Picky eaters might be your biggest barrier in getting your wee ones to chow down on more seafood, but if they do, there are numerous benefits. Here are a few expert reasons why children should get their weekly intake of seafood.
Seafood can positively affect physical development
Fish and other seafood is high in omega-3 fatty acids that are critically important building blocks of cell membranes, says Dr David Perlmutter, neurologist and fellow at the American College of Nutrition. Cell membranes are the part of the cell that communicates with the child’s environment and sends signals to the insides of the cell. A diet rich in omega-3’s builds a more responsive immune system, Perlmutter says.
Eating seafood can aid in brain development, too
Omega-3’s also help in developing a child’s brain. A 2006 Harvard School of Public Health study concluded that diets high in fatty fish aided important neurological and brain development in children.
Seafood is high in protein
Comparable to other animal protein sources like chicken, eggs, turkey and low-fat cheese, seafood is high in protein, which helps increase kids’ energy levels and helps restore muscle tissue. Unlike beef and turkey, which are higher in artery-clogging saturated fats, seafood is guaranteed to be lean.
Government guidelines stress the importance of fish in the human diet
Government guidelines announced in early February highlight the importance of seafood in the human diet, but that’s only half the story. On the other hand, The Food and Drug Administration, Environmental Protection Agency and American Heart Association suggest pregnant women, breastfeeding women and children should limit their seafood intake to two portions (or 6 ounces) of oily fish per week due to potentially high mercury levels.

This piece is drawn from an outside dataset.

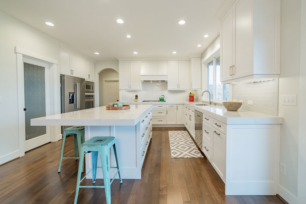 This kitchen and living area was originally designed with dark colors, which made the area feel very small. The homeowners wanted a bright and open area that is inviting and conducive to entertaining. By re-designing these spaces using lighter colors and materials, the kitchen was transfomrerd into a much brighter and inviting space with new appliances and surfaces, a larger island and custom range hood. The adjacent living space was updated with a seamless quartz surround and custom bookcases to make the entire space feel cohesive.

The benefits of eating fish outweigh the risk, study says
The same Harvard study concluded that eating fish for its health benefits is a far better option than not eating it for its potential risks. Mercury poisoning is certainly a concern, Perlmutter says.”[Mercury] is indeed a very real and present issue, not just for children who tend to accumulate mercury and other toxins from seafood more than adults, but for all of us,” he says. As an alternative to fish high in toxins and mercury, Perlmutter suggests serving your child wild salmon, which is lowest in contaminates and high in omega-3 fatty acids like Docosahexaenoic acid, otherwise known as DHA.
There’s no age minimum when it comes to eating seafood
As soon as children can eat solid food, they can reap the benefits of eating fish, Perlmutter says. To serve seafood to solid-eating infants and toddlers, puree the fish of your choice in a blender. If you want your newborn to get their intake of omega-3’s, eat seafood yourself. A mother who breastfeeds her infant transmits the fatty acids to her child, according to the Harvard study.